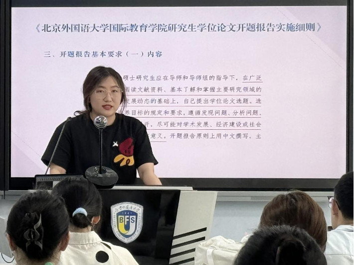 会议第三项内容,由教务秘书吴岳欣发布并解读《yl9193永利集团国际yl9193永利集团研究生学位论文开题报告实施细则》,明确了开题报告的基本要求、内容、结果评判和管理过程,并介绍了公司各人才培养环节的具体时间安排,为同学们提供了清晰的指导。
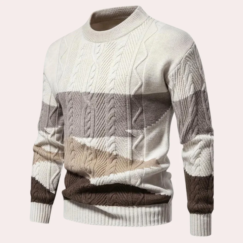 De Ladislau gebreide herentrui heeft een stijlvol contrastpatroon en biedt een comfortabele pasvorm. Ideaal voor een casual en moderne look.
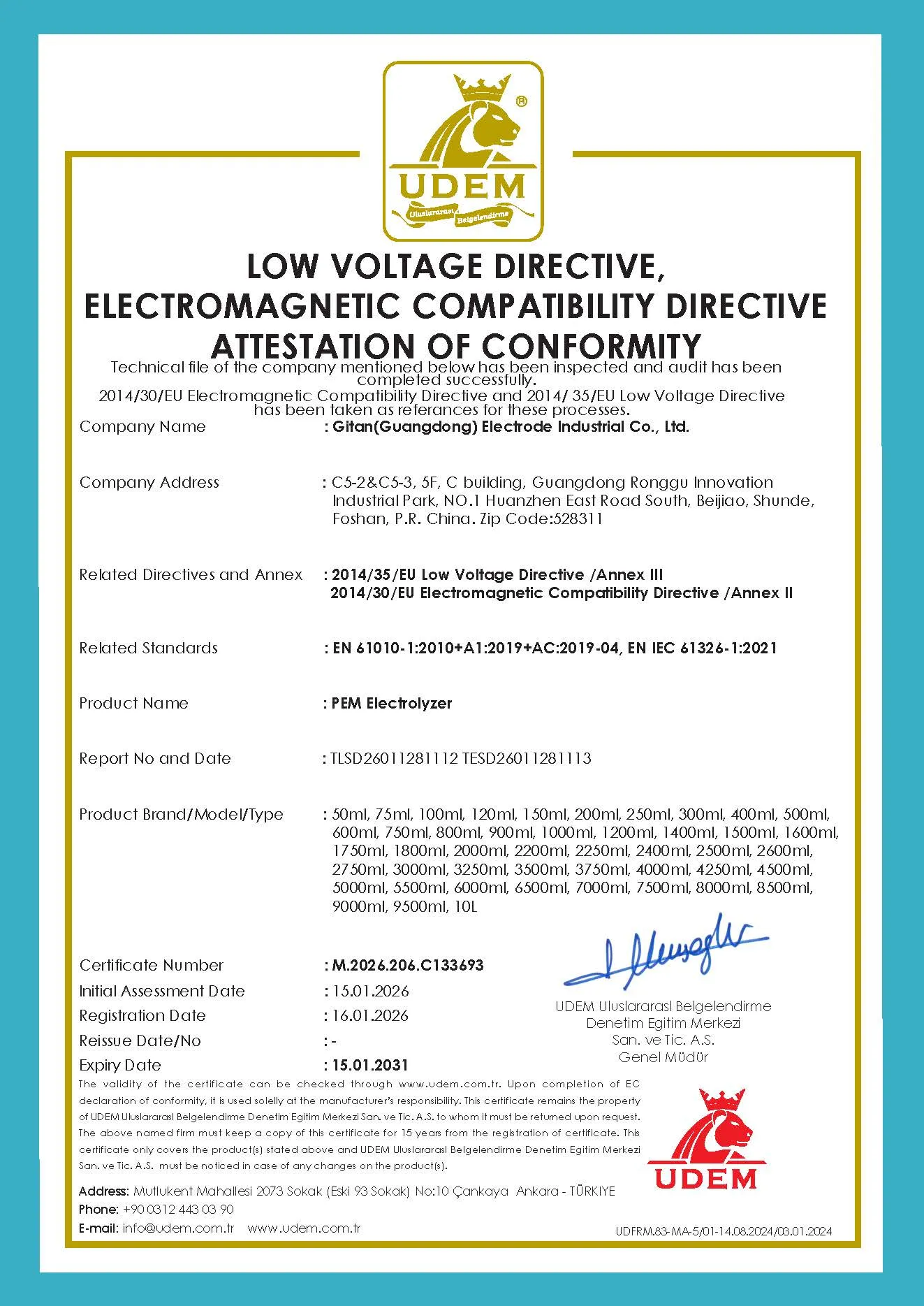 Gitan (Guangdong) Electrode was established in 2022. It is a national high-tech enterprise focusing on the research, development, production and sales of high-performance CCM membrane electrodes, PEM electrolysers and alkaline water electrolysers, as well as related supporting accessories.
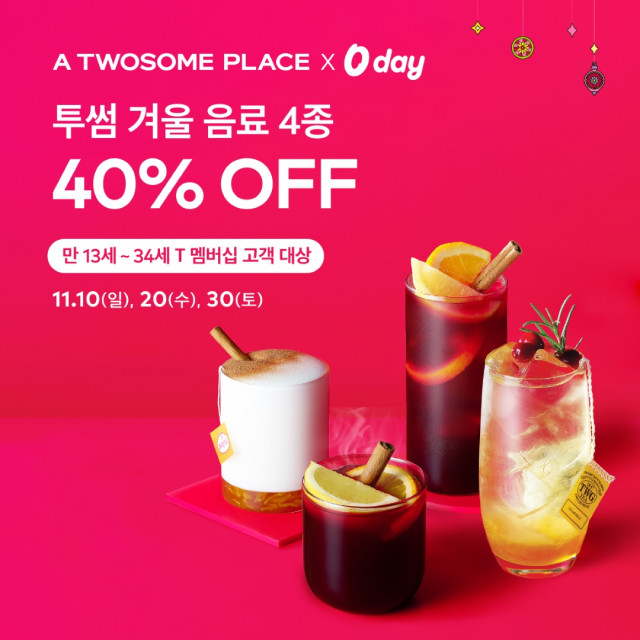 아울러 11월 ‘SKT 0 day’ 프로모션 참여 방법은 간단하다. 만 13세부터 34세에 해당하는 SKT T 멤버십 회원이라면, T 멤버십 앱 내 ‘0 day’ 이벤트 페이지에서 투썸 겨울 음료 할인 쿠폰을 다운로드해 기한 내 사용하면 된다. 프로모션 총 3회 중 1회에 한해 할인 쿠폰을 다운로드해 원하는 음료 1종의 할인을 누릴 수 있다. 또한 투썸플레이스의 11월 ‘SKT 0 day’ 프로모션에 관한 자세한 내용은 T 멤버십 앱과 투썸하트 앱 내 이벤트 페이지를 통해 확인할 수 있다.
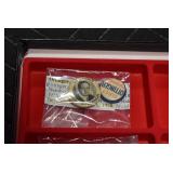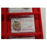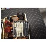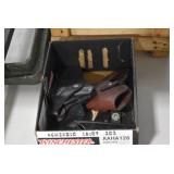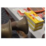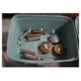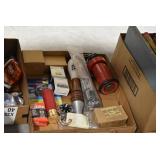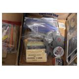 Sporting Related: Primer Shipping Box, Italian Single Cavity Bullet Mold, Daisy BB’s, Powder, 44 Special Brass, 38 Special Brass, 30 Caliber U.S. Army Ammunition, Bullets, 9mm Luger Ammunition, 45 Auto Ammunition, 45-70 Caliber Ammunition, 223 Ammunition, 6.5 Jap Ammunition, 7.7 Jap Ammunition, 445 Gates New Unprimed Brass, Gun Parts, Military Belts, Scopes, Holsters, Primers, Powder Flasks, Super Bang Caps for Toys, Various Bullet Molds, Stocks, Grips, Lee Loader, Gun Case, British Military Model L12A1 7x42 Binoculars, Winchester Flashlight, Wooden Game Calls, and Other
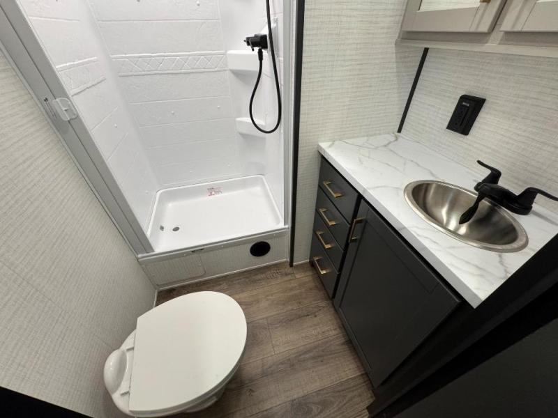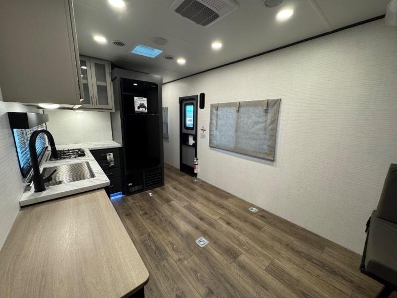 Boost into action camping with one of these Forest River XLR Boost fifth wheel toy haulers or travel trailer toy haulers! The 8' 5" wide body design not only provides ample interior space, but also packs in all of the luxurious features to make your trips great. There is fiberglass flooring insulation, a 35K BTU furnace and built-in vents within the mandatory Climate Comfort Package so you can camp all year around. The Convenience Package is also mandatory, and includes a tankless water heater, a French door black refrigerator and more features to make each trip accommodating. You will love the decorative kitchen backsplash inside, as well as a residential style kitchen faucet, a bath vent fan, and a USB charging station to keep your electronics charged and ready to go.
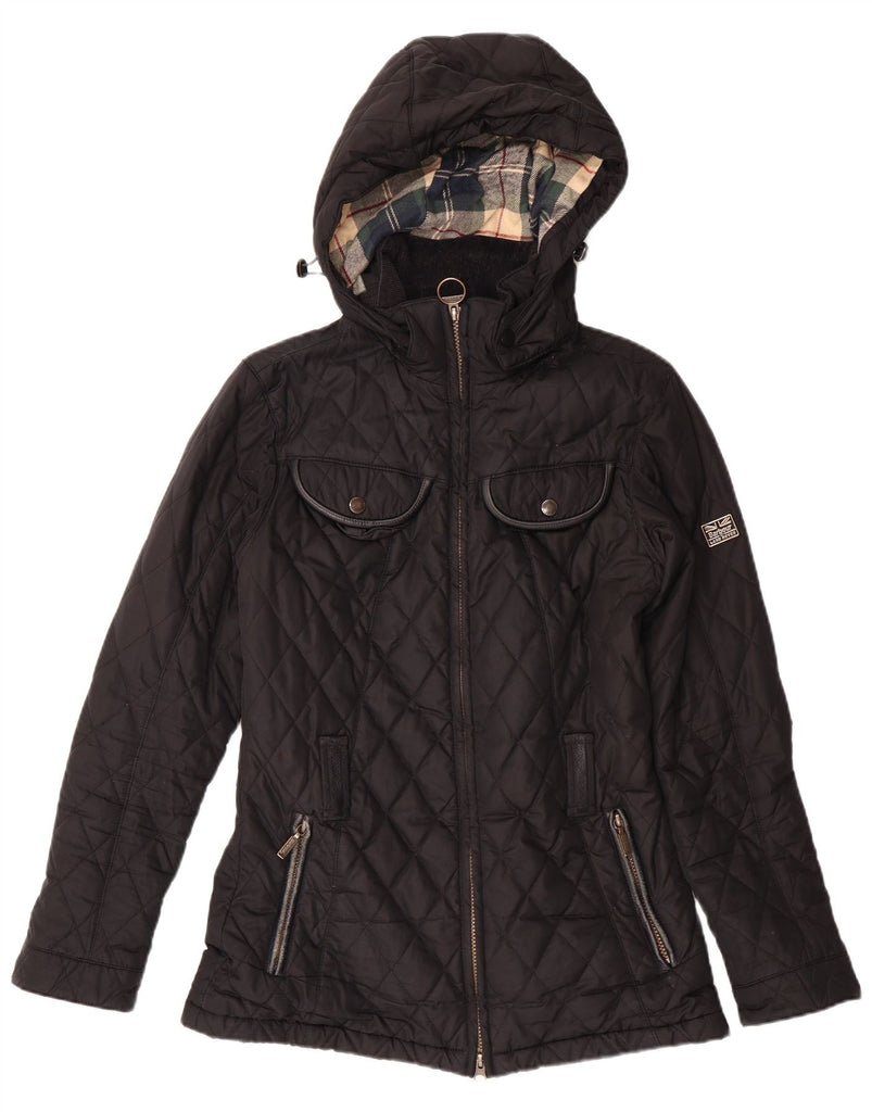 BARBOUR Womens Hooded Quilted Jacket UK 10 Small Black Polyester
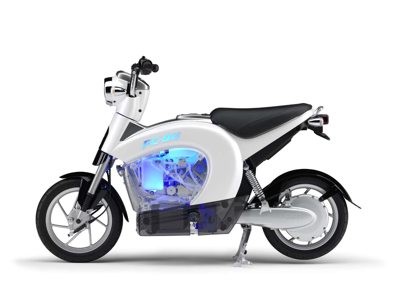 This model is a further evolution of the FC-me fuel cell motorcycle using a methanol-water solution with 54% methanol (by mass) as fuel, unveiled in Sept. 2005 with significant performance improvements. This new version is enhanced with new features including: (1) a Yamaha-exclusive compact cell stack that features the highest level of power density in the 1kW class, (2) a detachable lithium-ion battery for easy recharging, (3) modular design components, readily available parts and improved serviceability aimed at achieving practical use and (4) a fuel cell system which achieves a top-level performance of 30% system efficiency for a DMFC (Direct Methanol Fuel Cell) system. The development of this model has been assisted with some funding from the New Energy and Industrial Technology Development Organization (NEDO).
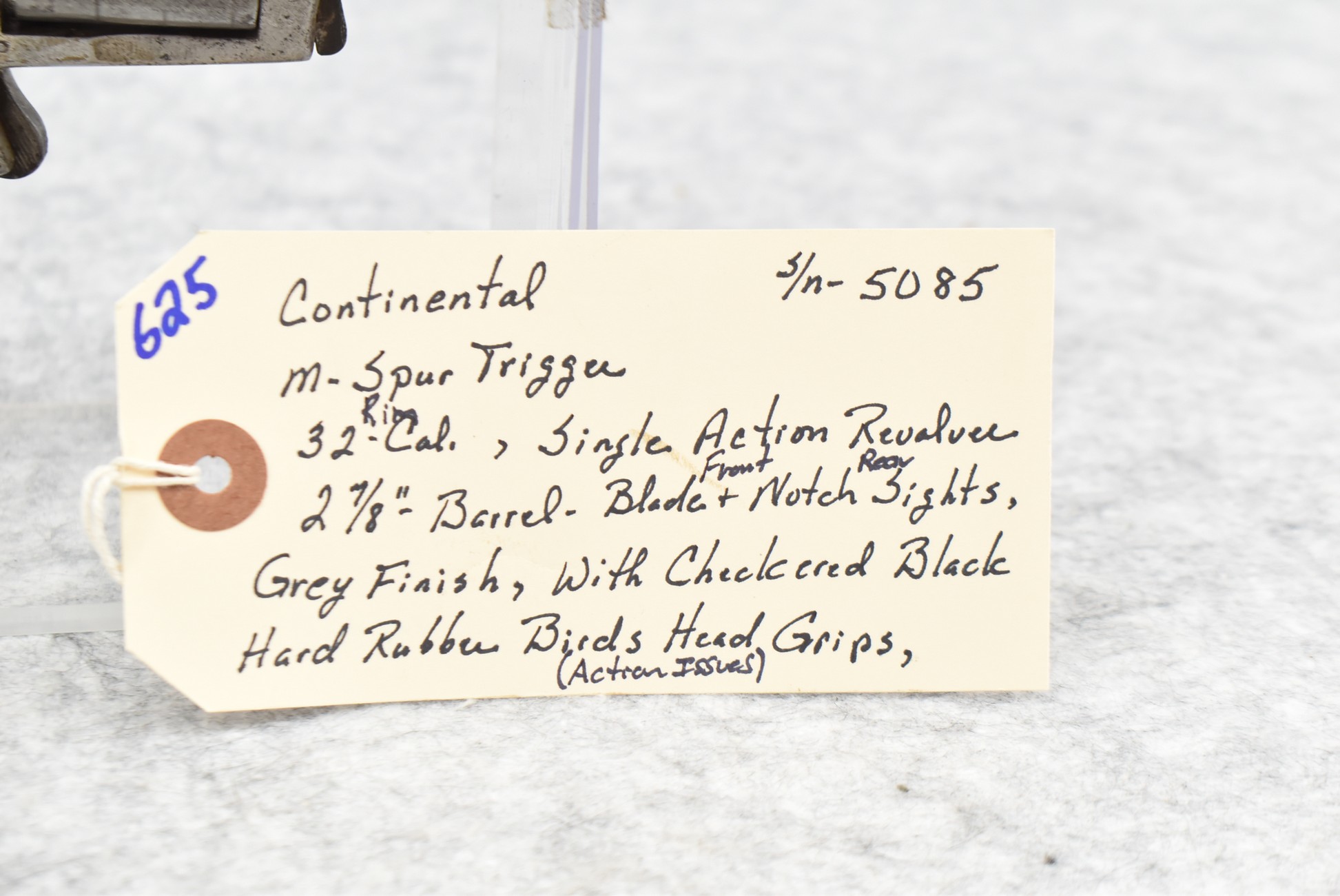 625. Continental – Mod. Spur Trigger – 32 Rim Cal. Single Action Revolver – w/2 7/8” Barrel w/Blade Front and Rear Notch Sights – Grey Finish – w/Checkered Black Hard Rubber Birds Head Grips – Gun has Action Issues
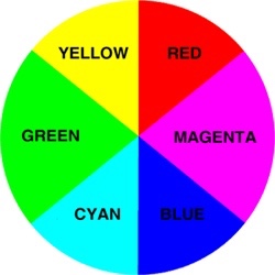 The 3 Primary colours in digital imagery are Red, Green and Blue. RGB. Not the primary colours as we know them to be, Red, Yellow and Blue. This is because Red, Green and Blue are the colours found in the human eyes colour photoreceptors.
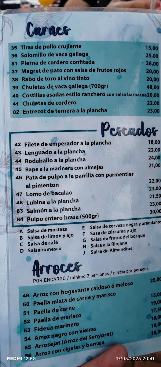 Bar Restaurante Benito Menu
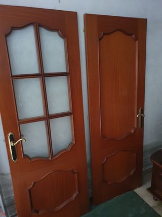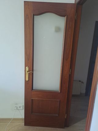 Se venden puertas de madera maciza. 2 puertas de baño. 1 de cocina con cristal. 3 deHabitaciones y 1 doble de salón con cristal. Incluyen las jambas y las manillas y bisagras. Buen estado . Se cambian por cambio de decoración. 5 abren a las derecha y una a la izquierda y la doble del salón a la derecha.
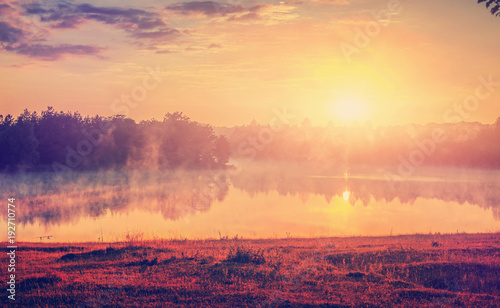 Fototapeta premium Magnificent sunny landscape. foggy lake with colorful sky, shining with...
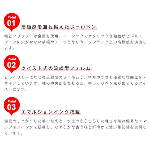 ツイスト式エマルジョンインク(なめらか油性インク)搭載ボールペン。耐水性に優れており、公式文書にも使用できます。大切な人への贈り物にも、ワンランク上の普段使いにも。

[YOUR OBJECTIVE]:
The stretch to restate runs from the line above containing "Boost into action" through the line containing "BARBOUR Womens Hooded". Copy it word for word, ends included, without pictures.

[RESULT OF THIS EXERCISE]:
 Boost into action camping with one of these Forest River XLR Boost fifth wheel toy haulers or travel trailer toy haulers! The 8' 5" wide body design not only provides ample interior space, but also packs in all of the luxurious features to make your trips great. There is fiberglass flooring insulation, a 35K BTU furnace and built-in vents within the mandatory Climate Comfort Package so you can camp all year around. The Convenience Package is also mandatory, and includes a tankless water heater, a French door black refrigerator and more features to make each trip accommodating. You will love the decorative kitchen backsplash inside, as well as a residential style kitchen faucet, a bath vent fan, and a USB charging station to keep your electronics charged and ready to go.
 BARBOUR Womens Hooded Quilted Jacket UK 10 Small Black Polyester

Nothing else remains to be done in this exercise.